Some additional advantages are:
- Performance improvements with high concurrency queries containing few row changes
- Significant data-consistency improvement
And, of course, some disadvantages:
- Network traffic can be significantly larger if you have queries that modify a large number of rows
- It’s more difficult to audit the changes on the database
- Row-based replication can be slower than statement-based replication in some cases
Some Misconceptions About Replication
Replication Is a Cluster
Standard asynchronous replication is not a synchronous cluster. Keep in mind that standard and semi-synchronous replication do not guarantee that the environments are serving the same dataset. This is different when using Percona XtraDB Cluster, where every server actually needs to process each change. If not, the impacted node is removed from the cluster. Asynchronous replication does not have this fail safe. It still accepts reads while in an inconsistent state.
Replication Sounds Perfect, I Can Use This as a Manual Failover Solution
Theoretically, the environments should be comparable. However, there are many parameters influencing the efficiency and consistency of the data transfer. As long as you use asynchronous replication, there is no guarantee that the transaction correctly took place. You can circumvent this by enhancing the durability of the configuration, but this comes at a performance cost. You can verify the consistency of your master and slaves using the pt-table-checksum tool.
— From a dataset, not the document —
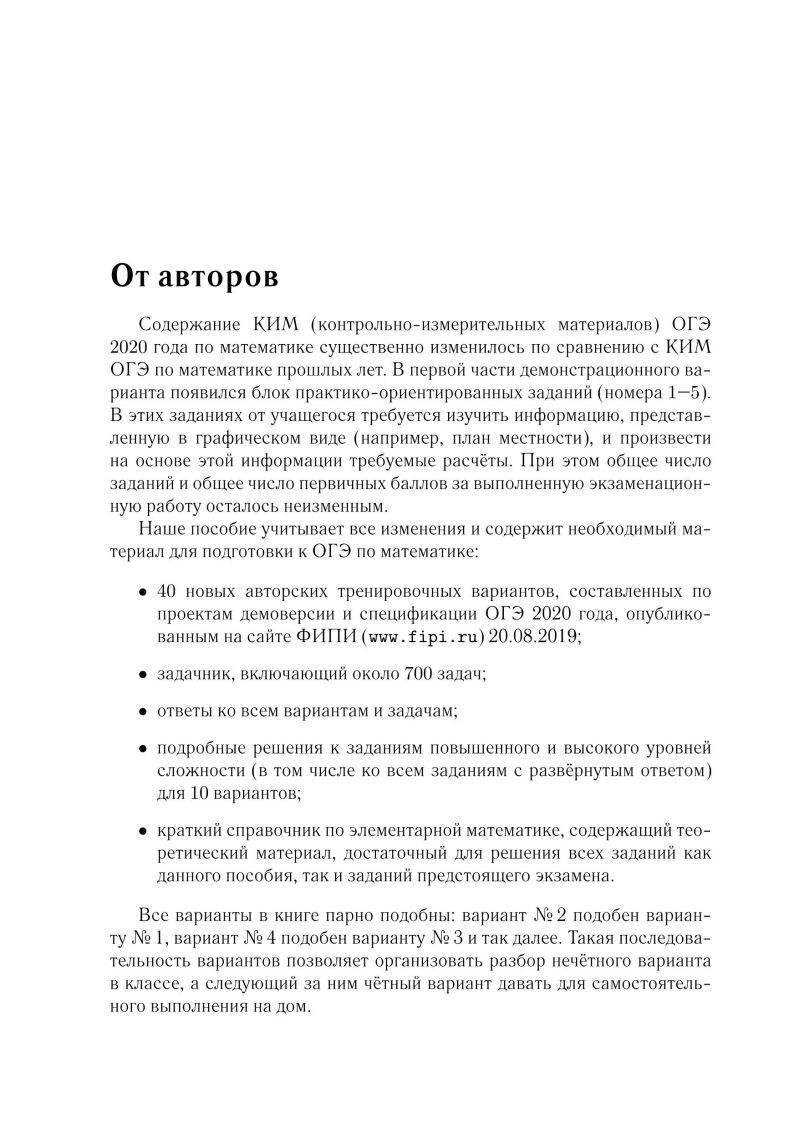 Учебно-методическое пособие предназначено для подготовки к ОГЭ по математике в 2020 году. Книга содержит: • 40 новых авторских тренировочных вариантов, составленных по проектам демоверсии и спецификации ОГЭ-2020 по математике, опубликованным на сайте в августе 2019 года; • пошаговые решения к заданиям с развёрнутым ответом для 10 вариантов; • задачник, содержащий около 700 задач; • ответы ко всем вариантам и заданиям; • краткий теоретический справочник. Выполняя предлагаемые в книге тренировочные варианты,можно сдать ОГЭ по математике на высокий балл. Пособие предназначено выпускникам 9-х классов, а также учителям, осуществляющим подготовку к ОГЭ.Характеристики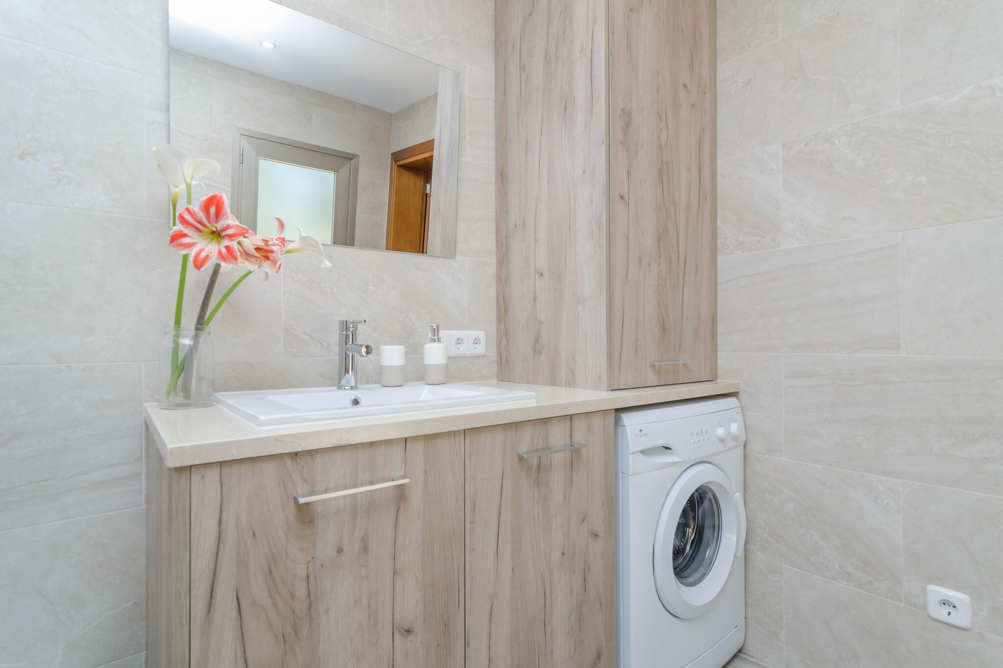 Stue, Køkken(komfur, kaffemaskine, ovn), soveværelse(2x enkeltseng), soveværelse(dobbeltseng), soveværelse(dobbeltseng), badeværelse, badeværelse, mikrobølgeovn, opvaskemaskine , køle-fryseskab, bruser, bruser, håndvask, håndvask, toilet, toilet, klimaanlæg, klimaanlæg, klimaanlæg, grill, swimmingpool, barneseng, barnestol

I Have Replication, so I Actually Don’t Need Backups
Replication is a great solution for having an accessible copy of the dataset (e.g., reporting issues, read queries, generating backups). This is not a backup solution, however. Having an offsite backup provides you with the certainty that you can rebuild your environment in the case of any major disasters, user error or other reasons (remember the Bobby Tables comic). Some people use delayed slaves. However, even delayed slaves are not a replacement for proper disaster recovery procedures.
I Have Replication, so the Environment Will Now Load Balance the Transactions
Although you’ve potentially improved the availability of your environment by having a secondary instance running with the same dataset, you still might need to point the read queries towards the slaves and the write queries to the master. You can use proxy tools, or define this functionality in your own application.
Replication Will Slow Down My Master Significantly
Replication has only minor performance impacts on your master. Peter Zaitsev has an interesting post on this here, which discusses the potential impact of slaves on the master. Keep in mind that writing to the binary log can potentially impact performance, especially if you have a lot of small transactions that are then dumped and received by multiple slaves.
There are, of course, many other parameters that might impact the performance of the actual master and slave setup.